The local setup I switched to

My actual setup for anything personal is my local LLM through LM Studio. Nothing I type into it leaves my machine, so no retention windows or terms of service clauses about how my inputs might be used down the line. The privacy aspect is not even why I got started with local LLMs to be completely honest (it was primarily curiosity), but it quickly became apparent that it's a good reason to keep using local models. For many, using local AI for sensitive documents is the whole point of going local. For reference, my primary local model is Qwen 3.5 9B, but I also still use gpt-oss 20B from time to time.

The document handling is more capable than I expected going in. LM Studio has had built-in document support for a while now - attach a file and if it fits inside the model's context window, the whole thing gets loaded directly into the prompt. If it's too long for that, it switches to RAG, chunking the document and pulling the most relevant sections based on what you're asking. It's not as seamless as NotebookLM for very long files, but for a shorter health report or a contract, it handles it without issue. I also have Brave Search MCP hooked up, so if the model needs outside context or up to date info to make sense of something in the document, it can pull from the web mid-conversation without me having to switch tools or add my personal information into a search engine.

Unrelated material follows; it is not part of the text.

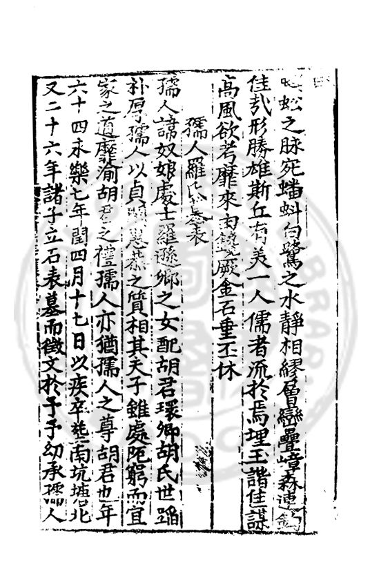 孺人諱奴娘處士羅遜卿之女配胡君環卿胡氏世蹈

That's pretty much all there is to it. Moreover, I'm not signed into a Microsoft account so this doesn't affect me, but it's worth checking if you are - OneDrive syncs certain folders automatically by default, so your files might not be as local as you think. At first I just didn't want to deal with Microsoft's setup prompts, but now I'm keeping a local-only Windows account on purpose. For syncing to my other devices, I use Syncthing, it exposes minimal metadata and performs no server-side decryption or telemetry unless explicitly enabled. As for backup: my tried and true, encrypted little physical hard drive. There's no need for massive cloud storage for text and PDF files.

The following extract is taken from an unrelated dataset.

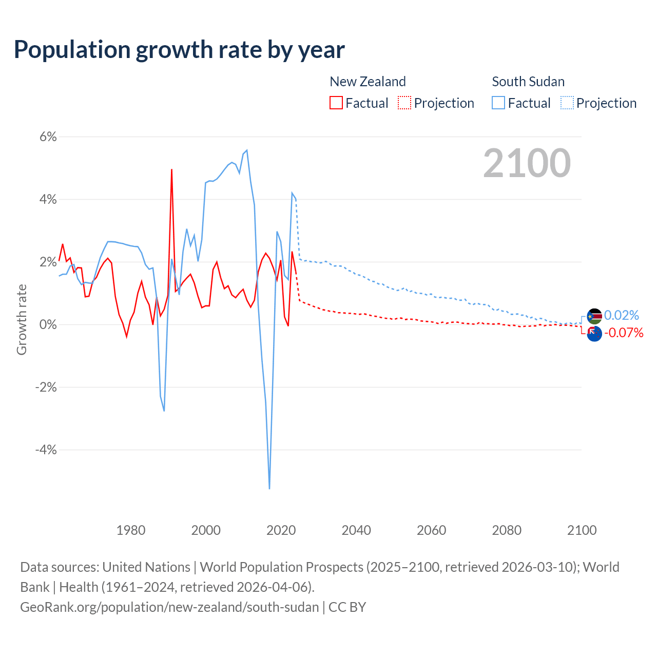 - For the last 10 years, New Zealand has had an average growth rate of +1.6% per year vs +0.65% in South Sudan.

The context ceiling is real

But the documents worth protecting aren't usually the long ones anyway

The honest limitation is context. I can push my local model to a 60k context window with my small GPU. It's a lot, or at least, it sounds like a lot until you factor in that back-and-forth for a working session can add up fast, especially if you're coming at it with information you don't understand at all, like a genetics test. So it's worth being mindful of your prompts to ensure you get better answers without wasting tokens on reprompting.

The other thing is long documents. Something like NotebookLM will almost always handle it more reliably because it has a context ceiling that's hard to compete with locally. For these situations, the solution is simple: split up the docs. There are self-hosted tools available for this, such as OmniTools, so you can stay in control of the data. I've only had to do that once or twice with a personal document though; most of the time the types of documents I'm talking about here are pretty small.

The setup is worth it for the files that matter

For most files it genuinely doesn't matter where they get processed, least not to me. But there's a specific category where it does, and "trust us, we de-identify it" stops being a satisfying answer once you've actually read the privacy policy. The local setup isn't without limits - your hardware will dictate what you can actually run and how long your sessions can get. But I pretty much have a new criteria now: if I wouldn't feel comfortable with a stranger seeing it, I probably shouldn't upload it to cloud AI either.